▶ [TASK REQUIREMENTS]: Return, exactly and with nothing added, the line with "- Das weiche" together with all lines after it through the end of the data below. No pictures belong in the copy.
>>>>>
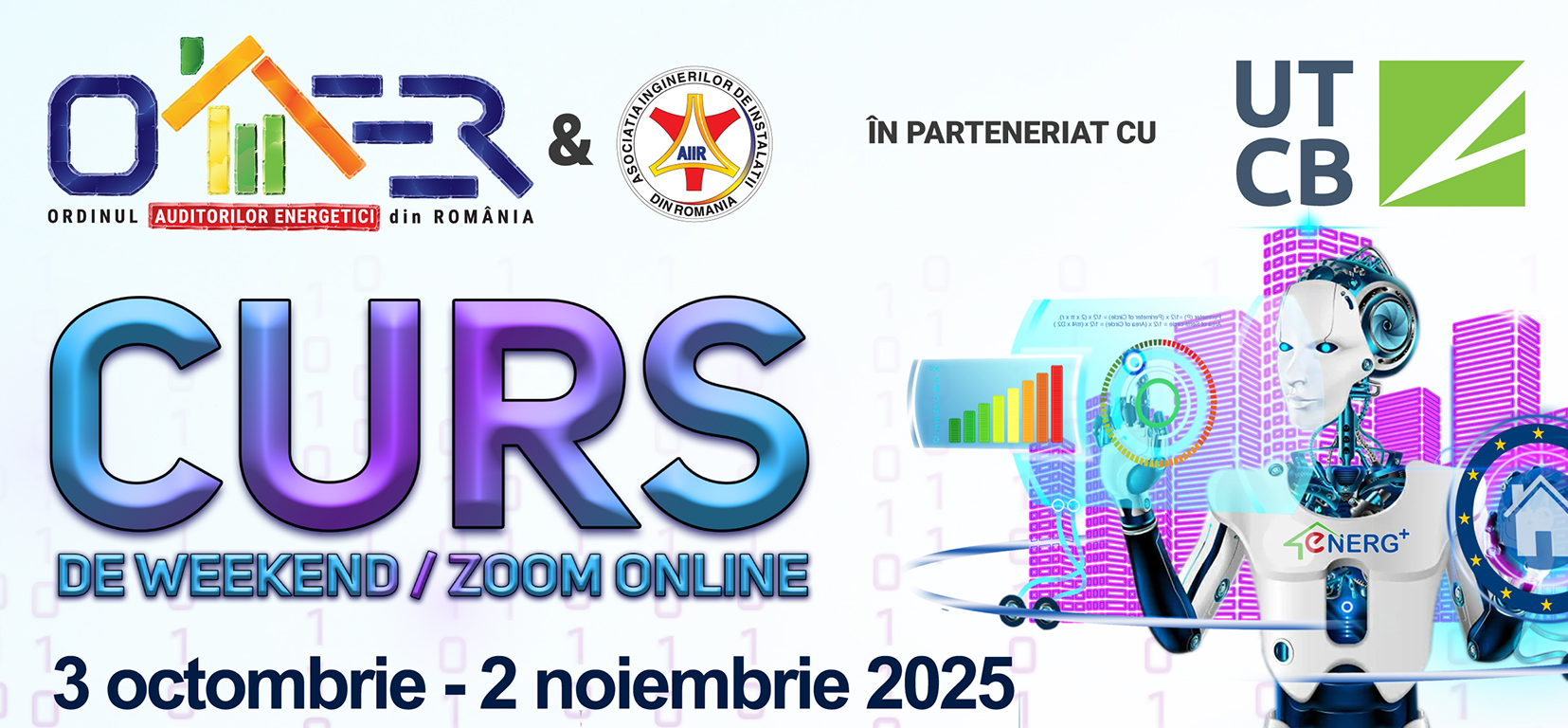 OAER (Ordinul Auditorilor Energetici din România, www.oaer.ro) & AIIR (Asociația Inginerilor de Instalații din România, www.aiiro.ro) în parteneriat cu UTCB (Universitatea Tehnică de Construcții București, www.utcb.ro), organizează în perioada 3 octombrie - 2 noiembrie 2025 un nou curs de pregătire a specialiștilor în vederea atestării la MDLPA ca auditori energetici pentru clădiri (gradul I și II) și de formare continuă pentru auditorii energetici atestați MDLPA. Cursul este recomandat specialiștilor eligibili din toată țara și se va desfășura online, în weekend, pe platforma Zoom. Cursanții vor beneficia de experiența bogată a profesorilor din cadrul UTCB (Universitatea Tehnică de Construcții București, www.utcb.ro) și UAUIM (Universitatea de Arhitectură și Urbanism „Ion Mincu”, www.uauim.ro)
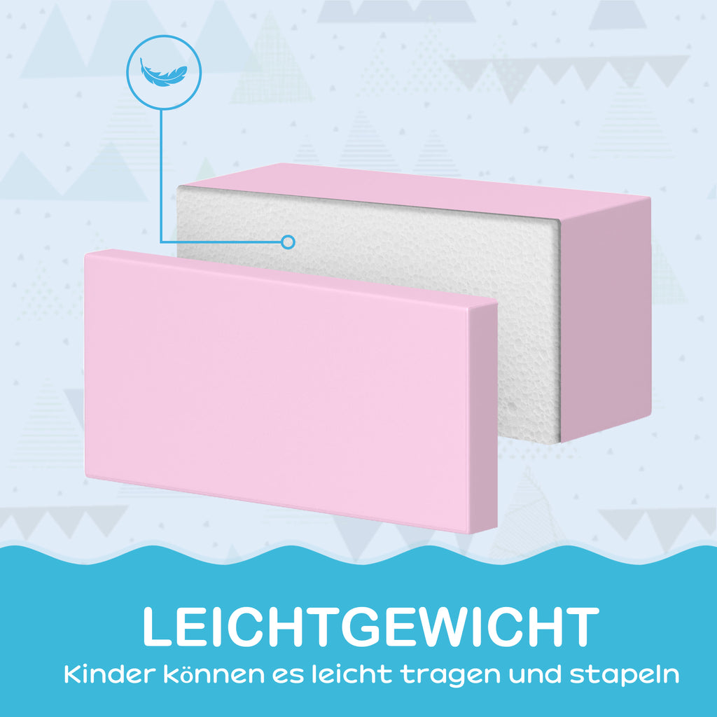 - Das weiche Softbaustein Set enthält drei Quader, eine Rampe, ein Wellen-Element, einen Viertelzylinder und einen Zylinder
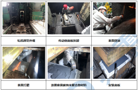 3.涂抹索雷碳納米聚合物材料,安裝底板,并調(diào)整底板的安裝精度,如高度、水平度等。固定底板保持材料固化。再次緊固底板,修復(fù)完成。
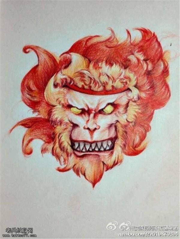 愤怒的孙悟空纹身手稿图案
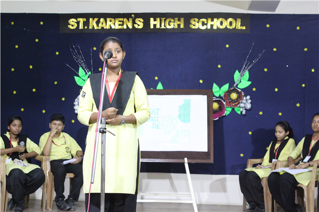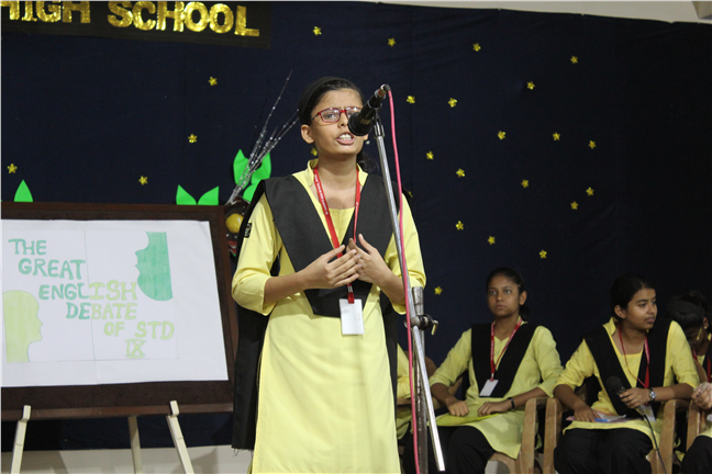 THE ENGLISH DEBATE FOR STD IX WAS HELD ON 5TH JULY.THERE WERE A TOTAL OF 16 PARTICIPANTS.THE PARTICIPANTS HAD A FORMAL DISCUSSION ON THE TOPIC "MUSIC GLORIFYINGVIOLENCE AND CRIMINAL LIFESTYLE SHOULD BE BANNED." ALL THE PARTICIPANTS SPOKE VERY WELL.THE REBUTTLE ROUND WAS QUICK AND WITTY AND TRIED THE SPEAKERS WITH INTELLIGENT QUESTIONS. DIRECTOR SIR MOTIVATED THE STUDENTS. THE WINNERS WERE AS FOLLOW-
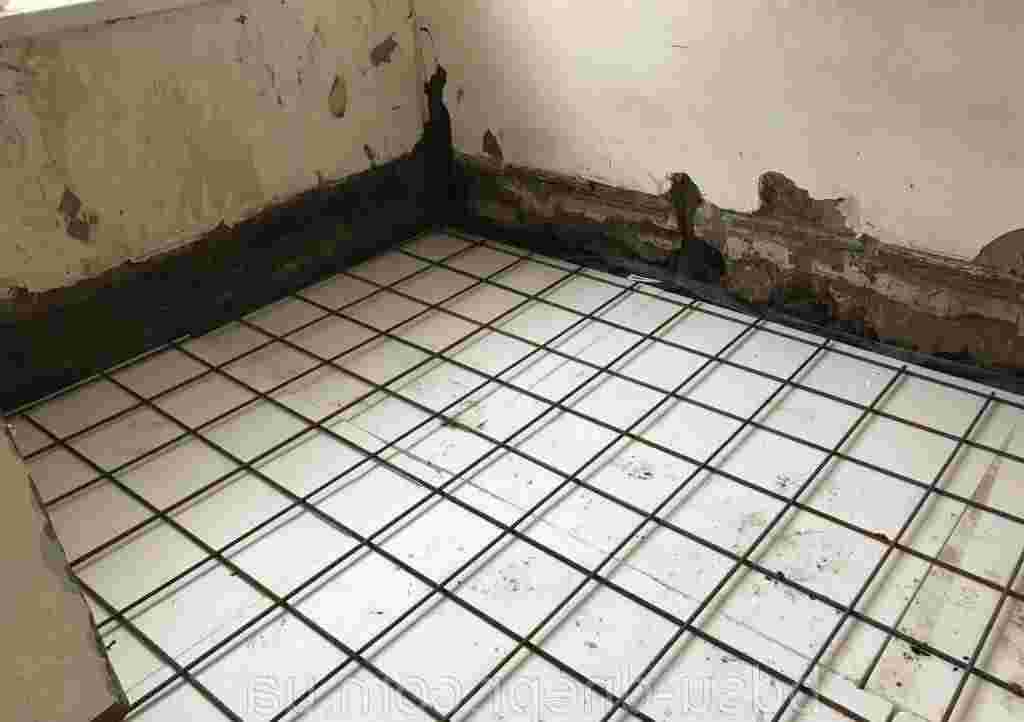 - На поверхности пола располагают армирующую сетку так, чтобы она оказалась в толще стяжки.
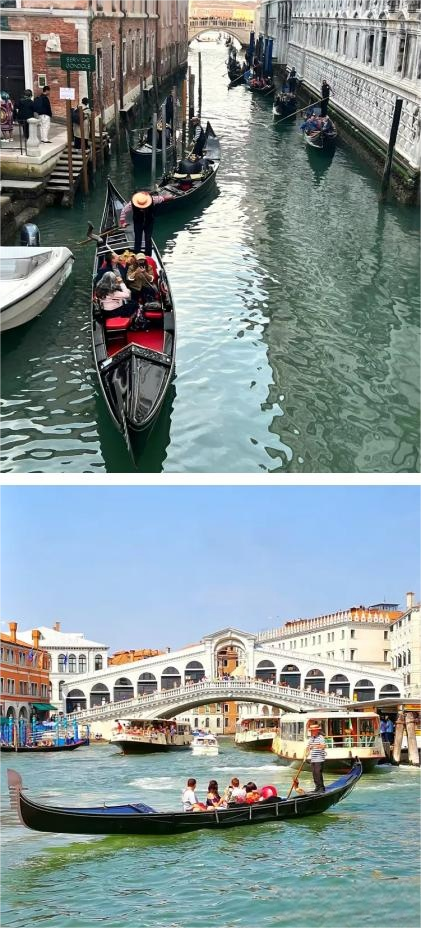 我一次次“迷路”,却一次次在转角遇见惊喜。小运河上摇曳的贡多拉,撑船人戴着草帽、轻哼小调;水波轻轻拍打着船身,仿佛在为他们伴奏。
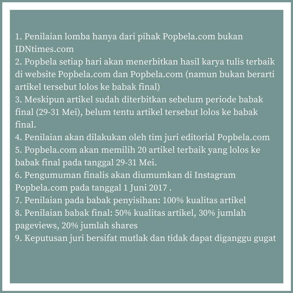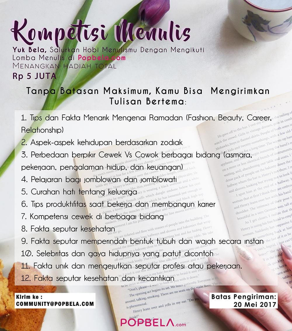 Popbela.com menunggu artikelmu sebelum 20 Mei 2017 ya.
<<<<<
▶ [RESPONSE TO THIS TASK]:
 - Das weiche Softbaustein Set enthält drei Quader, eine Rampe, ein Wellen-Element, einen Viertelzylinder und einen Zylinder
 3.涂抹索雷碳納米聚合物材料,安裝底板,并調(diào)整底板的安裝精度,如高度、水平度等。固定底板保持材料固化。再次緊固底板,修復(fù)完成。
 愤怒的孙悟空纹身手稿图案
 THE ENGLISH DEBATE FOR STD IX WAS HELD ON 5TH JULY.THERE WERE A TOTAL OF 16 PARTICIPANTS.THE PARTICIPANTS HAD A FORMAL DISCUSSION ON THE TOPIC "MUSIC GLORIFYINGVIOLENCE AND CRIMINAL LIFESTYLE SHOULD BE BANNED." ALL THE PARTICIPANTS SPOKE VERY WELL.THE REBUTTLE ROUND WAS QUICK AND WITTY AND TRIED THE SPEAKERS WITH INTELLIGENT QUESTIONS. DIRECTOR SIR MOTIVATED THE STUDENTS. THE WINNERS WERE AS FOLLOW-
 - На поверхности пола располагают армирующую сетку так, чтобы она оказалась в толще стяжки.
 我一次次“迷路”,却一次次在转角遇见惊喜。小运河上摇曳的贡多拉,撑船人戴着草帽、轻哼小调;水波轻轻拍打着船身,仿佛在为他们伴奏。
 Popbela.com menunggu artikelmu sebelum 20 Mei 2017 ya.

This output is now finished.